Project update
What only the pixels knew.
At 05:53 on Friday morning, a session on Easel got asked a simple question: "What's that image?" The agent answered honestly. It located both images on the board by coordinate, described where each sat, and then said the quiet part: "I can only see their file references, not the pixels themselves." Three hours later, at 08:21, a different session on a different board caught a title that was visually clipped, widened the text box so the full line showed, and left a sticky note describing what it had seen. Same agent. Same model. The difference was a screenshot.
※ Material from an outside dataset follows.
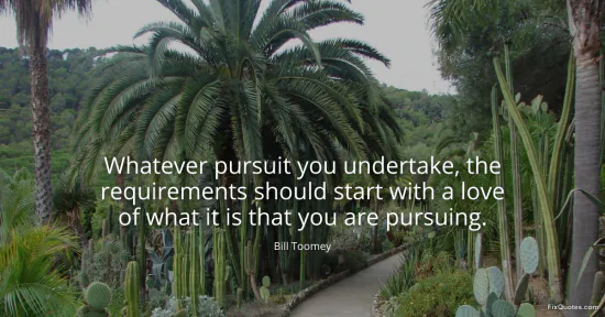 Toomey, Bill. "Whatever pursuit you undertake, the requirements should start with a love of what it is that you are pursuing." FixQuotes. January 17, 2026. https://fixquotes.com/quotes/whatever-pursuit-you-undertake-the-requirements-43542/.
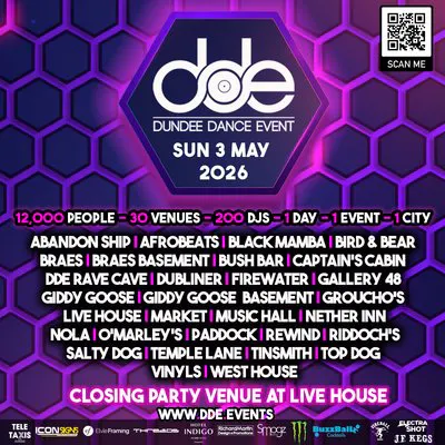 The first Dundee Dance Event took place on Sunday 30 August 1998, with 17 DJs playing in 9 city centre venues. The event has now grown to 200 DJs and artists playing in 30 venues, including a daytime underground car park venue and closing party with a 3200 capacity.

Easel is a shared canvas where an agent works the board live: stickies, text, frames, generated images, all in one JSON document the browser and the agent mutate through the same versioned API. Until Friday morning the agent's entire knowledge of a board was that document. Element types, positions, sizes, z-order, text content. A coordinate model. And a coordinate model is a furniture inventory, not a room. It tells you a text element exists at x:120 with width 260. It cannot tell you whether the glyphs fit.
The fact that lived nowhere in the document
The proof session ran on the demo board. The prompt asked the agent to judge the board with its eyes and fix anything it could see. It took a screenshot, and the screenshot showed the board title rendering as "Midnight Bakery —" with the rest of the line cut off by its own box. Nothing in the document was wrong. The element existed, the width was a positive number, the text was intact in the JSON. Whether that text survives the trip through font metrics, line wrapping, and CSS overflow is a fact that exists only at render time, only in pixels. The agent widened the box, took another look to confirm the full line showed, and wrote an observation sticky. Forty-six seconds, thirty cents.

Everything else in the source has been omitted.